How We Improved TPC-C Performance by 50% and TPC-H Performance by 100%

As our previous post described, TiDB 4.0 is an easier-to-use, production-ready Hybrid Transactional/Analytical Processing (HTAP) database. Our long-term mission is to build a high-performance distributed SQL database to help you solve your business growth pains in Online Transactional Processing (OLTP) and real-time analytical scenarios.

Transaction Processing Performance Council (TPC) benchmarks, which measure database system performance, are accepted gold standards in the industry. To test the performance of our upcoming TiDB 4.0 release, we used TPC-C specifications to measure its OLTP capabilities and TPC-H specifications to measure its Online Analytical Processing (OLAP) capabilities.

Our test results showed that, compared with version 3.0, TiDB 4.0’s TPC-C performance improved by about 50%, and TPC-H performance increased by about 100% on average over a set of 22 queries.

In this post, we’ll show you how we significantly enhanced TiDB 4.0’s TPC-C and TPC-H performance.

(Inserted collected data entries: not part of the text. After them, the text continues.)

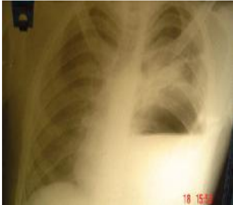
Fig 2: 3 rd chest tube in array.
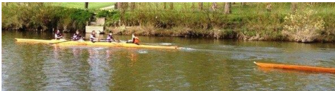
The crew crossing the line with plenty of clear water to spare between them and their rivals

They finished in a very respectable third place, which leaves School House in a commanding second position in the overall rowing standings for the year so far, challenging for the Leadbitter Cup and Birt Trophy.
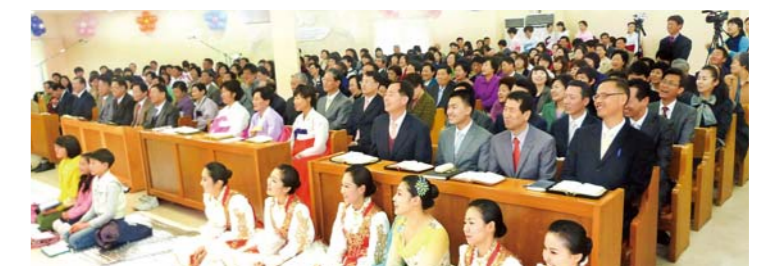
13 th Anniversary Service at Gumi Manmin Church's new sanctuary

from promotion at work to financial blessings.
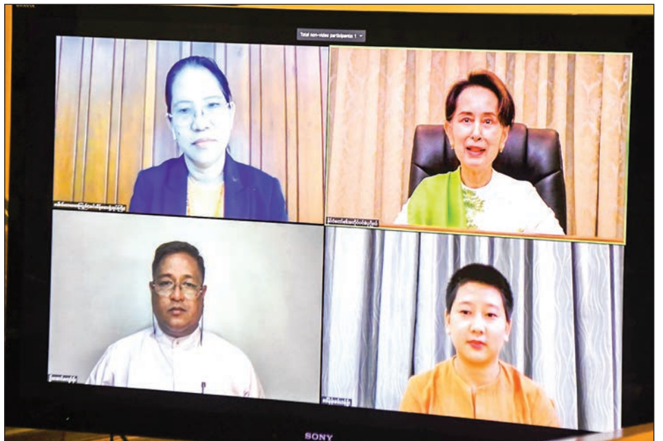
State Counsellor Daw Aung San Suu Kyi speaks to front-liners over measures against COVID-19 on videoconference yesterday.

S TATE Counsellor Daw Aung San Suu Kyi, Chairperson of the National-Level Central Committee on Prevention, Control and Treatment of Coronavirus Disease 2019 (COVID-19), held a videoconference from the Presidential Palace in Nay Pyi Taw yesterday, with pioneers combatting COVID-19.
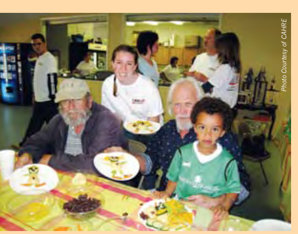
Local seafood industry workers and their families enjoyed making art from healthy foods at a community health fair, which culminated the week-long project.

The eyes of several University of Florida students were opened by more than just sunshine this past spring break. The group was exposed to a unique culture while using the arts to deliver health messages in an area known as Florida's "Forgotten Coast."
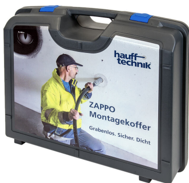
ZAPPO assembly kit
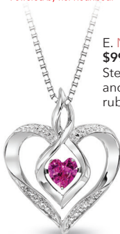
E. NEW $99 Sterling silver and created ruby

RHYTHM OF LOVE. Powered by her Heartbeat
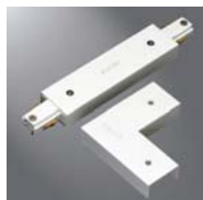
L943 Straight/L Connector
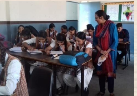
Shri R S Public School, Agra
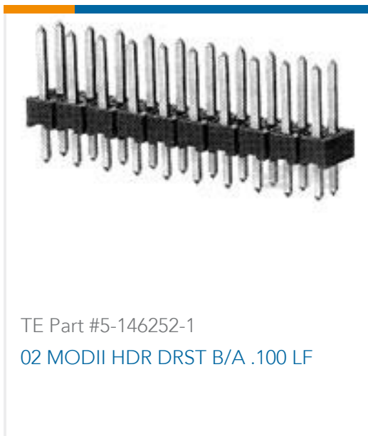
TE Part #5-146252-1 02 MODII HDR DRST B/A .100 LF
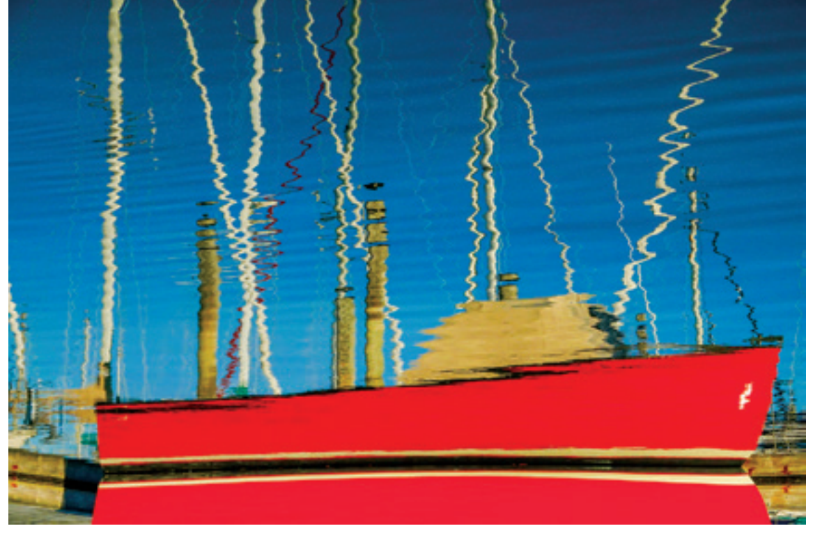
Fishing Boat in Maine

Registration will open on April 1, 2021. Mark your calendar now—PSA Photo Festival, October 6 to October 9, 2021 in Rapid City, South Dakota.
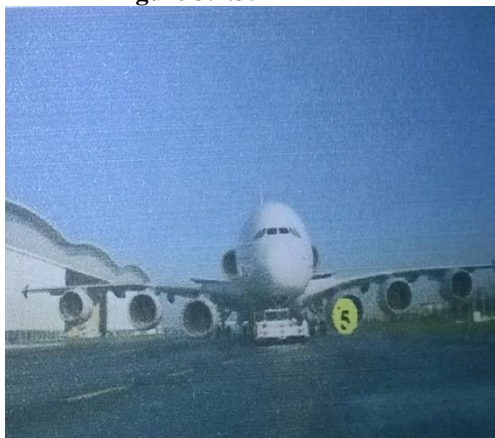
Figure 3.2.4: Cued Click Point
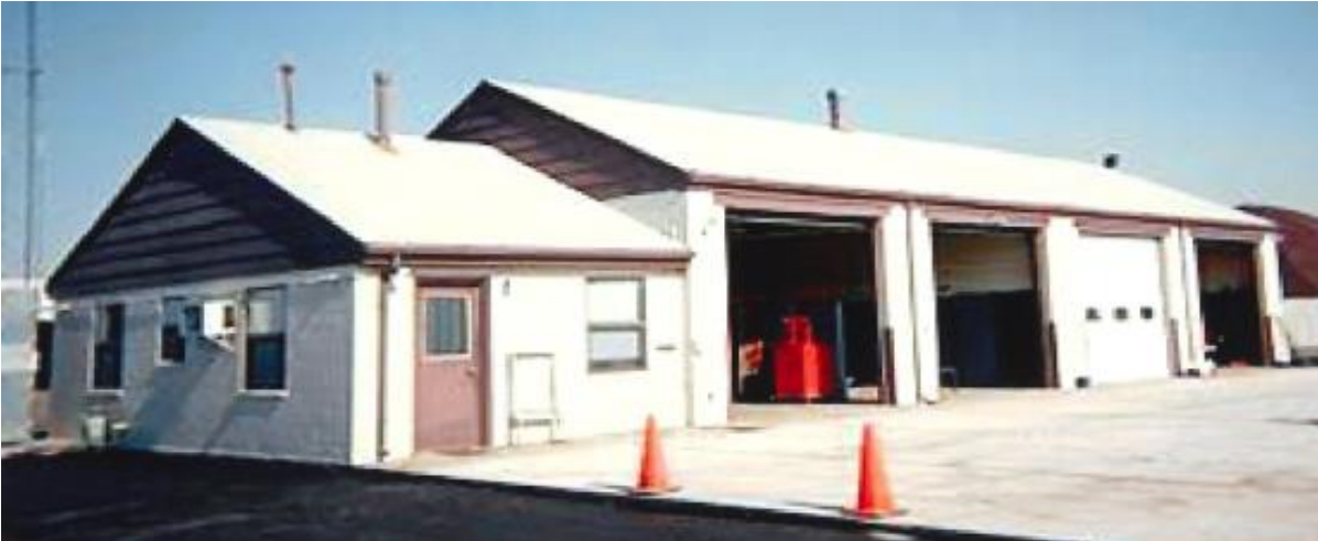
Lincoln – 1959
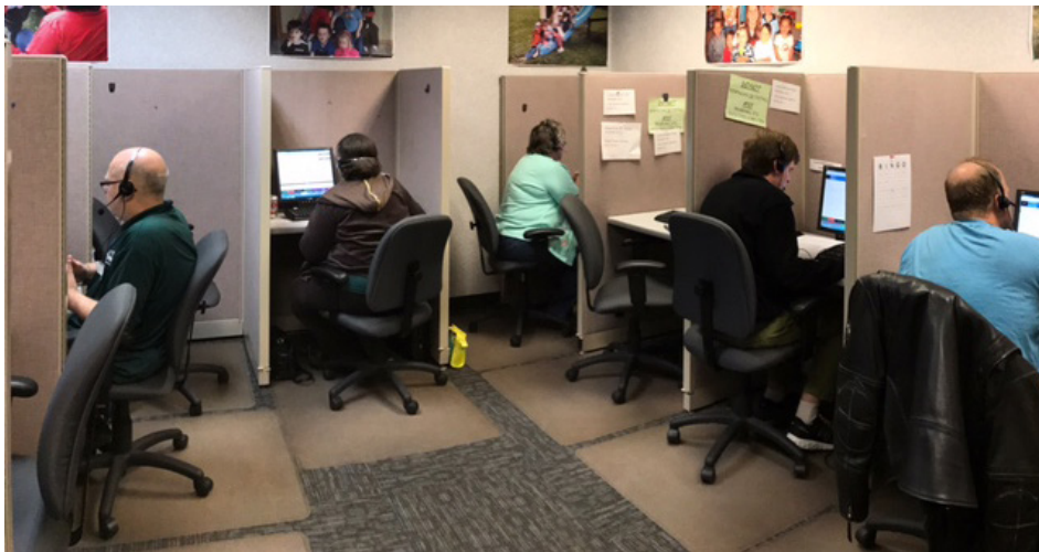
AFSCME members and retirees phone bank at Council 5's South St. Paul office to support shared sacrifice by the employer, employees and retirees to make pensions sustainable for years to come.
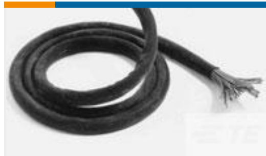
TE Part #5580614002 VPB-1-1/4-0-SP
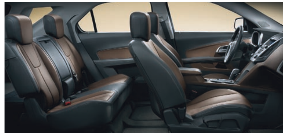
The rear seats offer the most legroom in the class¹ – more than Toyota RAV4, Honda CR-V and Ford Escape. And besides offering up to 63.7 cu. ft. of cargo space,² Equinox also has a number of storage areas and a deep center console for a laptop or purse.

We considered every aspect of the interior, including the driver seat and rear passenger legroom as well as the size and location of storage spaces. The refined DUAL COCKPIT is inviting, with subtle AMBIENT LIGHTING to help see inside the cabin during nighttime driving and chrome accents that reinforce the premium feel. The driver seat articulates and adjusts to fit you comfortably, and the tilt and telescoping steering wheel also adjusts so everything's within reach. Rear passengers can relax in a standard MULTIFLEX SLIDING REAR SEAT , which travels nearly eight inches. The
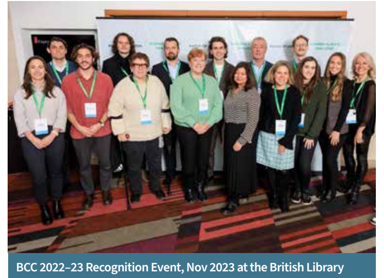
BCC 2022-23 Recognition Event, Nov 2023 at the British Library
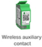
Wireless auxiliary contact
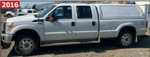
FORD F-250 SUPER DUTY hi-rail crew cab pickup truck
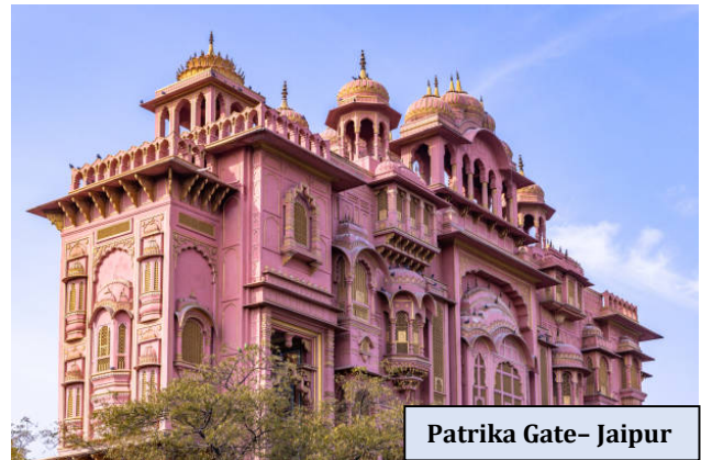
Patrika Gate- Jaipur
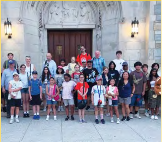
Altar server appreciation day
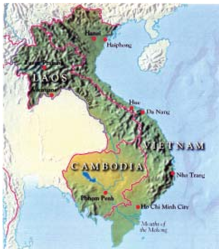
Fig. 1 – Map of Indo-China.

If you see the historical experience of Indo-China in relation to that of India, you will discover important differences in the way colonial empires functioned and the anti-imperial movement developed. By looking at such differences and similarities you can understand the variety of ways in which nationalism has developed and shaped the contemporary world.
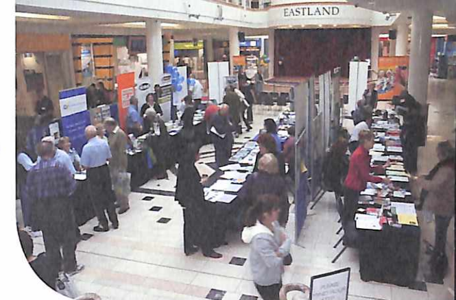
Last year's Seniors Wellbeing Expo was a huge success, so make sure you don't miss the next one on Monday 29 October.

social opportunities, as well as providing ideas on how they can increase their community participation.
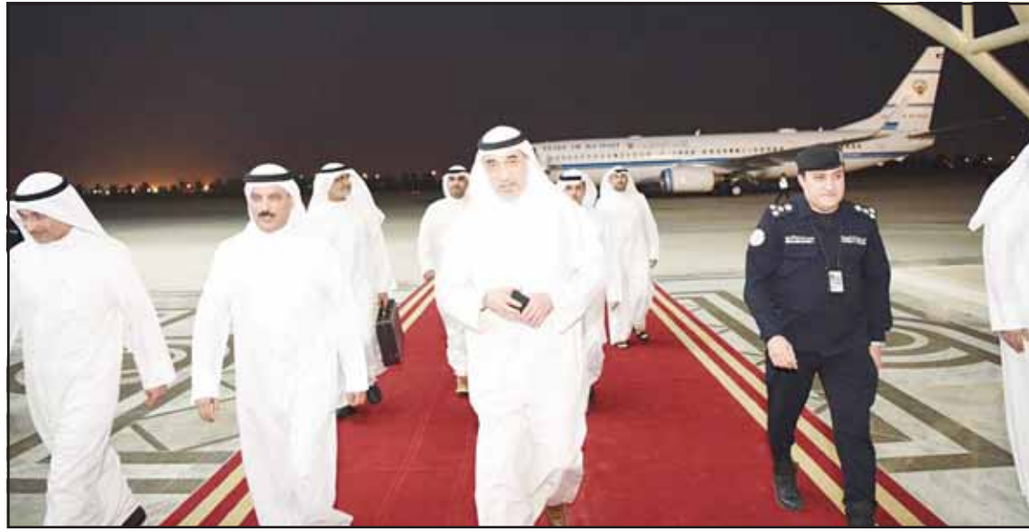
KUWAIT CITY, June 4, (KUNA): Kuwait's First Deputy PM and Defence, Interior Minister Sheikh Fahad Yousef Al-Sabah returns home from Egypt.

TPC-C performance improved by 50%

We ran a TPC-C test against the TiDB 4.0 general availability (GA) release and TiDB 3.0.13, and we found that the TiDB 4.0 performed about 50% better.

Hardware configurations:

Component	Instances	vCPUs	RAM (GB)	Instance type
TiKV	3	16	122	AWS i3.4xlarge
TiDB	3	16	32	AWS c5.4xlarge
Placement Driver (PD)	3	4	16	AWS m5.xlarge

For configuration parameters and test steps, see this document.

Here are the TPC-C test results:

TiDB 3.0.13 vs. 4.0 for TPC-C benchmarks (higher is better)

We achieved this result because we optimized TiDB’s pessimistic transactions, the Raft thread model, and RocksDB’s write throughput.

Optimizing pessimistic transactions

As our previous post described, we’ve improved pessimistic locking’s performance, stability, and compatibility with MySQL. Pessimistic locking becomes generally available in TiDB 4.0. In this section, we’ll introduce how we reduce remote procedure calls (RPCs) and latency of client requests.

Lock requests return the required data

In TiDB 3.0, when you execute an SQL statement like “UPDATE column1 =? WHERE id =?” in a pessimistic transaction, TiDB must write the pessimistic lock label in the row’s lock column family and then query the row’s data. In this process, there are two RPC interactions between TiDB and TiKV.

But in 4.0, we merge these two operations into a single step. When TiKV performs the lock operation, it returns the data you require to TiDB. You can see the code here.

Lock requests immediately return data to the client

When we analyzed the TPC-C client’s execution time, we found that the client spent most of its time waiting for the pessimistic lock request to complete. In a TPC-C test, a transaction modified multiple rows, and each row required a pessimistic lock. Besides, TiKV replicated data among multiple replicas. Therefore, write request latency was much higher than read request latency. Because the client’s execution latency was too high, it was difficult to further improve TiKV’s resource utilization and the client’s queries per second (QPS).

After analysis, we found that the pessimistic lock request was different from other write requests: the pessimistic lock request could fail. In the two-phase commit protocol’s commit phase, if the pessimistic lock label that should exist was overwritten by another transaction or another transaction had written a newer version, this transaction rolled back.

Here is the locking process before optimization:

Locking process before optimization

Now, after we optimized TiKV’s execution logic, if TiKV determines that there isn’t a lock conflict, it doesn’t wait for Raftstore to replicate logs to multiple replicas. Instead, it immediately returns data to the client and assumes that the lock is successfully applied. This greatly reduces the latency of client requests. You can see the code here.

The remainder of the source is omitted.